Taxation of public benefit organisations changed

 
‘Ruling could take parties unaware’ – Piet Nel.

JOHANNESBURG – Public benefit organisations (PBOs) should take note of a new binding ruling issued by the South African Revenue Service (Sars), which could result in the loss of their tax exemption on business undertakings or trade activities.

Last month, Sars issued a binding general ruling, which aims to provide clarity on the concept “substantially the whole”.

In terms of tax legislation, public benefit organisations and recreational clubs do not have to pay tax on amounts received or accrued from business or trading activities that do not fall within their normal public benefit activities, provided that “substantially the whole” of the funds derived from these activities are directed towards the recovery of costs.

For example: The majority of the income of a church with PBO status may come from tithing, which for tax purposes, would be deemed a public benefit activity and would be exempt from tax. The church may however also regularly sell hamburgers on Saturdays as a means to supplement its income. This would be regarded as a business undertaking or trading activity.

The Sars ruling eliminates uncertainty over the concept. The ruling clearly stipulates that “substantially the whole is regarded by Sars to mean 90% or more.

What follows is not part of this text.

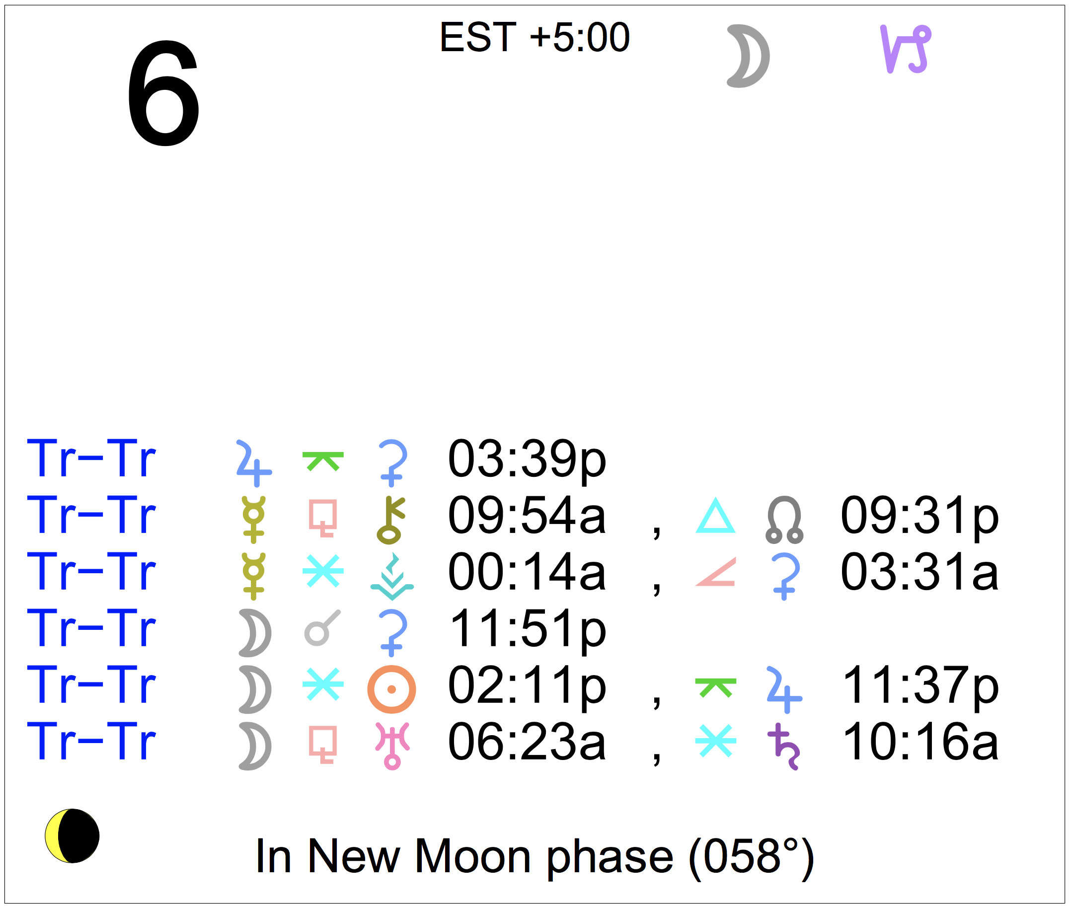 Planet Color Key: The longer the bar, the slower the aspecting planet, and the longer the duration of the planet’s transit.

However, in order to overcome certain practical difficulties Sars will accept a percentage of not less than 85%.”

At this stage it is unclear what the revenue authority regards as “practical difficulties”.

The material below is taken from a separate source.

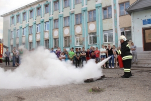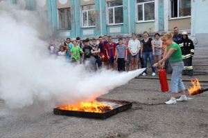 Познавательный урок начался с теории. Инспекторы Госпожнадзора рассказали ребятам при помощи, каких первичных средств пожаротушения можно справиться с огнем. После чего был показан обучающий фильм о том, как правильно вести себя в случае возникновения чрезвычайной ситуации.

In terms of Sars interpretation notes, receipts and accruals from business activities could include donations, subsidies, school fees, rent, accommodation charges, fund-raising activities, investment income, the sale of movable and immovable assets and inheritances.

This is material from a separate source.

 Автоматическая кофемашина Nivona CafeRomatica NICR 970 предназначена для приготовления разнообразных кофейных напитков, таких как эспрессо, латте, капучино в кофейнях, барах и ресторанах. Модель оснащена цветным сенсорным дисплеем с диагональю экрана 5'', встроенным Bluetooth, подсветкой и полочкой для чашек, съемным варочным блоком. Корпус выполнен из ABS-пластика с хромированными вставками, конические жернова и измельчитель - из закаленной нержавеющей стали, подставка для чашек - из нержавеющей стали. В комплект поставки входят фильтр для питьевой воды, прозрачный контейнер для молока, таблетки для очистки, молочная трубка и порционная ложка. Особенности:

Piet Nel, project director for tax at the South African Institute of Chartered Accountants (Saica), says the Income Tax Act does not explicitly define what it regards as “substantially the whole”. South African courts have also not been called on the interpretation of the concept. 

Although the practice generally prevailing had been to use a percentage of 85%, organisations may for instance still have been exempt from tax on business activities if 83% or 84% of the income from these activities were directed towards the recovery of cost.

However, the new percentage could take organisations unawares, Nel says.

He explains that an entity may embark on a trading activity and find, when final accounts are drawn, that the receipts exceed the cost by 10.5% (or 15.1%).

“If we assume that this entity already received other receipts which exceed R200 000 (or 5% of receipts) this ‘profit’ would now become subject to tax.”

The ruling is effective from December 10 2013 and applies for an indefinite period.

The ruling is also relevant to professional organisations, mutual loan organisations, fidelity or indemnity funds, trade unions, chambers of commerce or industry or local publicity associations.